It’s hard to read the tea leaves on the future of work with AI. There are such wild extremes between the predictions of techno-utopian boosters and techno-dystopian doomers. It’s exciting and scary at the same time and no one really knows how this will go.
I keep coming back to HBS professor Karim Lakhani’s oft-quoted observation from last year:
“AI is not going to replace humans, but humans with AI are going to replace humans without AI.”
I’ve written a lot about the business adoption of Generative AI and the famous Gartner Hype cycle for emerging technology. In June, I spoke about this at Gartner’s CMO Symposium about the awkward adolescence of AI. We’re at a transition point as “The Peak of Inflated Expectations” gives way to “The Trough of Disillusionment.”

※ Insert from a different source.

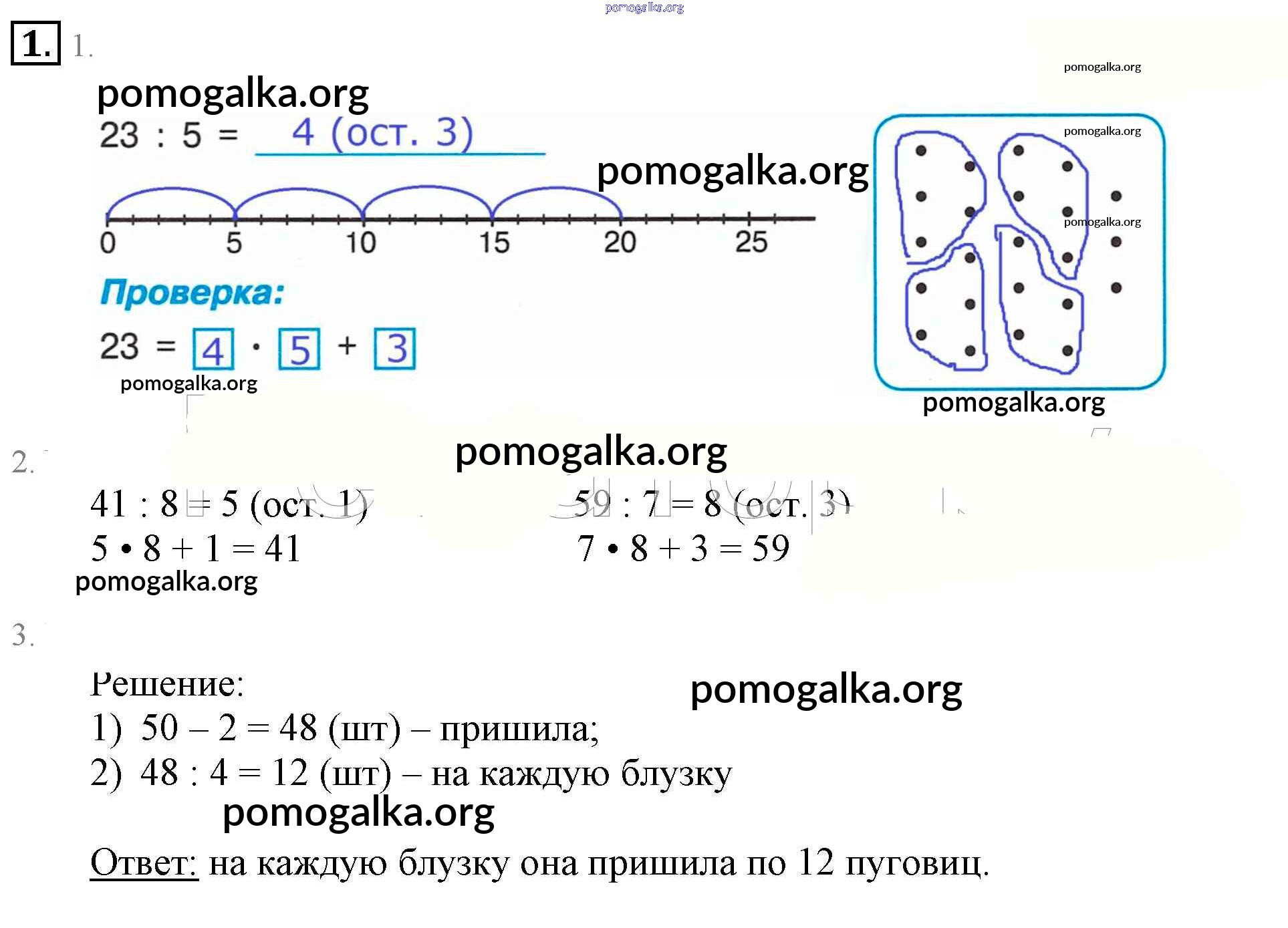 Готовые ответы - Математика 2 класс рабочая тетрадь Петерсон (Учусь учиться) - урок 31. деление с остатком часть 3 1

The Upwork Research Institute released a fascinating study a couple weeks ago on the current state of AI at work in the US, UK, Canada, and Australia. The study illustrates the tension of this transition point.
The hype has been high:
“96% of C-suite leaders say they expect the use of AI tools to increase their company’s overall productivity levels. Already, 39% of companies in our study are mandating the use of AI tools, with an additional 46% encouraging their use.”
Yet the results in practice have been wanting:
“Nearly half (47%) of employees using AI say they have no idea how to achieve the productivity gains their employers expect, and 77% say these tools have actually decreased their productivity and added to their workload.”
In the meantime, I think it’s important to keep the conversation going about the nature of work itself. Productivity isn’t the only metric that matters.